How to read large files using Python

Source: Internet
Author: User

How to read large files using Python
Background

When a text file is recently processed (the file size is about 2 GB ),memoryErrorErrors and files are too slow to read. Later, I found two fastLarge File ReadingThis article describes the two reading methods.

Original URL

Preparations

When talking about "text processing", we usually refer to the content to be processed. Python reads the content of a text file into a string variable that can be operated easily. The file object provides three "read" methods:.read(),.readline()And.readlines(). Each method can accept a variable to limit the amount of data read each time, but they usually do not use variables..read()Each time you read the entire file, it is usually used to put the file content into a string variable. However.read()Generate the most direct string representation of the file content, but it is unnecessary for continuous row-oriented processing. If the file is larger than the available memory, this processing is impossible. Below isread()Example:

try:f = open('/path/to/file', 'r')print f.read()finally:if f:f.close()

 

Callread()It will read all the content of the file at a time. If the file has 10 Gb, the memory will burst. Therefore, to be safe, you can call it repeatedly.read(size)Method to read a maximum of size bytes each time. In additionreadline()You can read a row of content each time and callreadlines()Read all the content at a time and return the list by row. Therefore, you need to decide how to call it as needed.
If the file is small,read()One-time reading is the most convenient; if the file size cannot be determined, it is called repeatedlyread(size)Relatively safe; if it is a configuration file, callreadlines()Most convenient:

for line in f.readlines():process(line) #

  

Multipart read

It is easy to think of splitting a large file into several small files for processing.
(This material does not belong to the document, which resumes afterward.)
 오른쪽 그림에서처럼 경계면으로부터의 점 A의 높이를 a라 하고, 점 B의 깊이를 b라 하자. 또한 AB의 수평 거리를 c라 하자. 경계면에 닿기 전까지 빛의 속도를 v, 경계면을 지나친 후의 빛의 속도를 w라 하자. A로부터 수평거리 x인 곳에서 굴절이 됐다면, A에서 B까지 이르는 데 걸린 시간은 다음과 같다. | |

After processing each small file, this part of memory is released. Here we useIter and yield:

def read_in_chunks(filePath, chunk_size=1024*1024):"""Lazy function (generator) to read a file piece by piece.Default chunk size: 1MYou can set your own chunk size"""file_object = open(filePath)while True:chunk_data = file_object.read(chunk_size)if not chunk_data:breakyield chunk_dataif __name__ == "__main__":filePath = './path/filename'for chunk in read_in_chunks(filePath):process(chunk) # <do something with chunk>

 

Use With open ()

withStatement to open and close the file, including throwing an internal block exception.for line in fObjectfAs an iterator, the buffer is automatically used.IOAnd memory management, so you don't have to worry about large files.

The Code is as follows:

#If the file is line basedwith open(...) as f:  for line in f:    process(line) # <do something with line>

 

Optimization

There is no problem with using with open for millions of rows of large data, but different parameters here will also lead to different efficiency. After testing, when the initial parameter is "rb", the efficiency is six times that of "r. We can see that binary reading is still the fastest mode.
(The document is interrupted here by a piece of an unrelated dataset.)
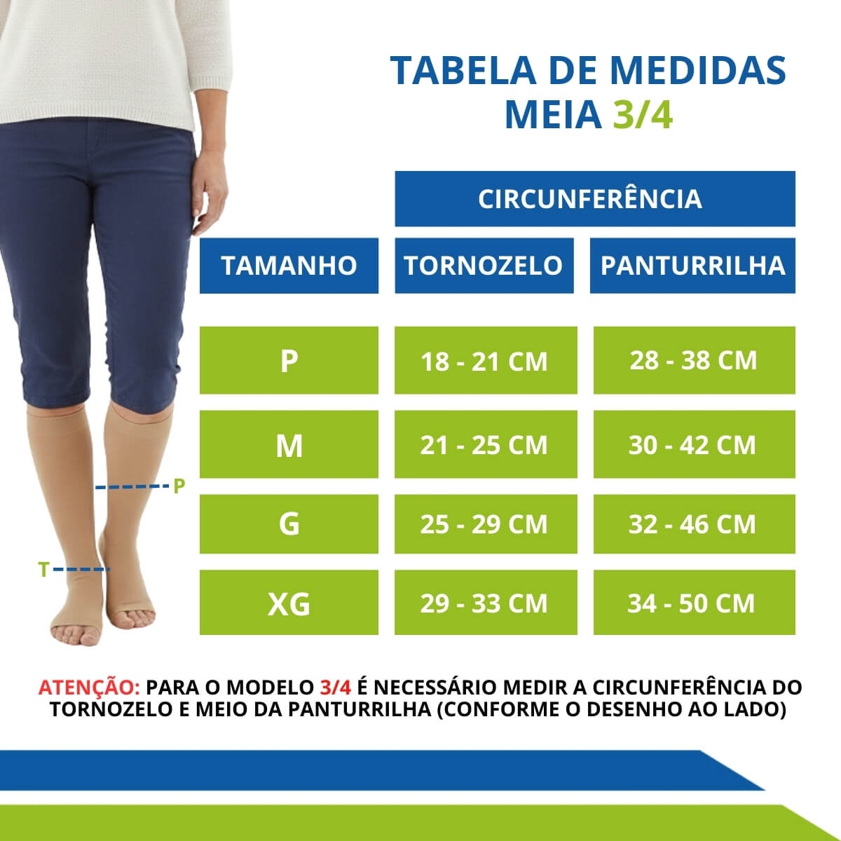 Escolher o tamanho correto é essencial para que a compressão funcione adequadamente.

with open(filename,"rb") as f:     for fLine in f:       pass  

 

Test results: the rb mode is the fastest, with 2.9 rows traversing for seconds. It can basically meet the needs of medium and large file processing efficiency. If the read speed is changed from rb (second-level read) to r (read mode), the speed is 5-6 times slower. Conclusion

When using python to read large files, you should let the system handle them. The simplest way is to hand it over to the interpreter to manage your work. At the same time, you can select different read parameters to achieve higher performance based on different requirements.

Contact Us

The content source of this page is from Internet, which doesn't represent Alibaba Cloud's opinion; products and services mentioned on that page don't have any relationship with Alibaba Cloud. If the content of the page makes you feel confusing, please write us an email, we will handle the problem within 5 days after receiving your email.

If you find any instances of plagiarism from the community, please send an email to: info-contact@alibabacloud.com and provide relevant evidence. A staff member will contact you within 5 working days.

A Free Trial That Lets You Build Big!

Start building with 50+ products and up to 12 months usage for Elastic Compute Service

  • Sales Support

    1 on 1 presale consultation

  • After-Sales Support

    24/7 Technical Support 6 Free Tickets per Quarter Faster Response

  • Alibaba Cloud offers highly flexible support services tailored to meet your exact needs.